Perhaps I may say one word in relation to Amendment No. 18. In the light of the hopeful, if not promising, tone in which the Minister has responded, I am sure that in October my noble friend Lord Ezra will be here to give his considered reaction to whatever the Minister says.

Lord Fraser of Carmyllie

Before the noble Lord sits down, I hope that what I said was not in any way misinterpreted. I was not offering to bring forward amendments. What I was indicating, as I have done on previous occasions, is that what has been urged upon me is that the appropriate mode of disposal is in a unitary form. I said that we should look at that matter in the autumn, because if that were to be the preferred model many of the concerns expressed from the Opposition Front Bench would fall away.

Lord Peston

I had interpreted what the Minister said as being that in the autumn he would try to give us some more information. Is not that right?

Lord Fraser of Carmyllie

Yes.

[Amendments Nos. 19 to 21 not moved.]

6.45 p.m.

Lord Peston moved Amendment No. 22:

Page 2, line 44, leave out subsection (8).

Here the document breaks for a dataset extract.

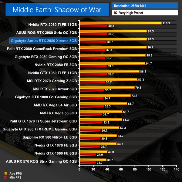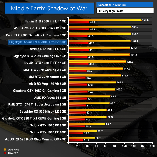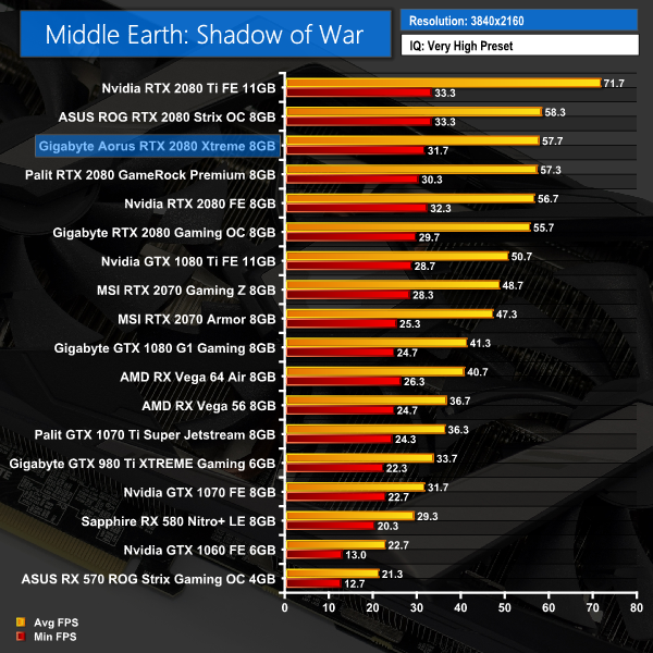 At 1080p when playing Middle Earth: Shadow of War, the Aorus falls just behind the Palit RTX 2080, but at both 1440p and 2160p it just edges ahead. The ASUS ROG Strix card, though, is still marginally faster.

The noble Lord said: Amendment No. 22 is grouped with Amendments Nos. 23 and 24. The amendments raise a matter of some seriousness. The essential amendment is Amendment No. 22. It is an attempt to discover why Clause 2(8) is there. My honourable friend the Member for Kirkcaldy in another place referred to this point. He referred to the Atomic Energy Authority Bill as one in which the Secretary of State may do whatever he likes to facilitate this. That echoes the point made by my noble friend Lord Clinton-Davis on the previous group of amendments. This is an enabling Bill which allows the Secretary of State to do whatever he likes.

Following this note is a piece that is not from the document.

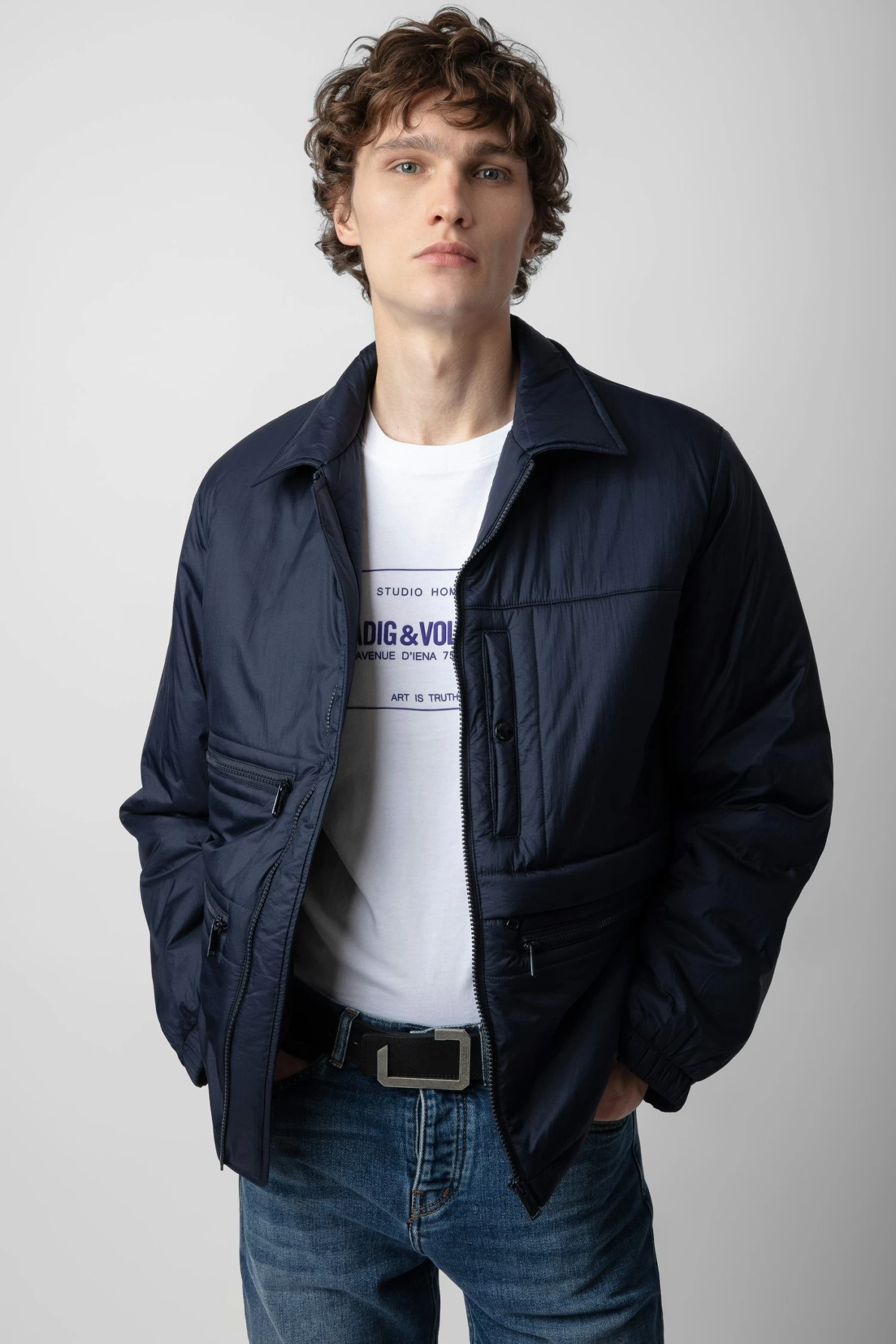 – Men’s Encre navy blue jacket – Mock neck with removable tab featuring embossed Studio Homme branding – Zip fastening and rubber Studio Homme badge on the back – 4 zip pockets and 1 chest pocket with snap button – Long sleeves and elasticated cuffs Model is 187 cm / 6′ 1″ and is wearing a size M*Contains 100% of recycled polyamidGRS certification guarantees the presence and quantity of recycled material in the product. It ensures a social, environmental and chemical responsible management, as well as an end-to-end traceability of the recycled material through the supply chain.

I speak as someone who is always studying drafting and trying to understand the law. This is one of those bizarre clauses. First, it tells us that the Secretary of State may exercise his powers. I do not understand the nature of the legislation if one has to say in the middle of it, having given the Secretary of State his powers, that he is allowed to exercise them. That strikes me as being most strange. Then, in lines 12, 13 and 14 we get the bit that really puzzled me. It is: "whether or not the exercise of those powers, the giving of that direction or the doing of that thing is consistent with promoting or controlling the development of atomic energy".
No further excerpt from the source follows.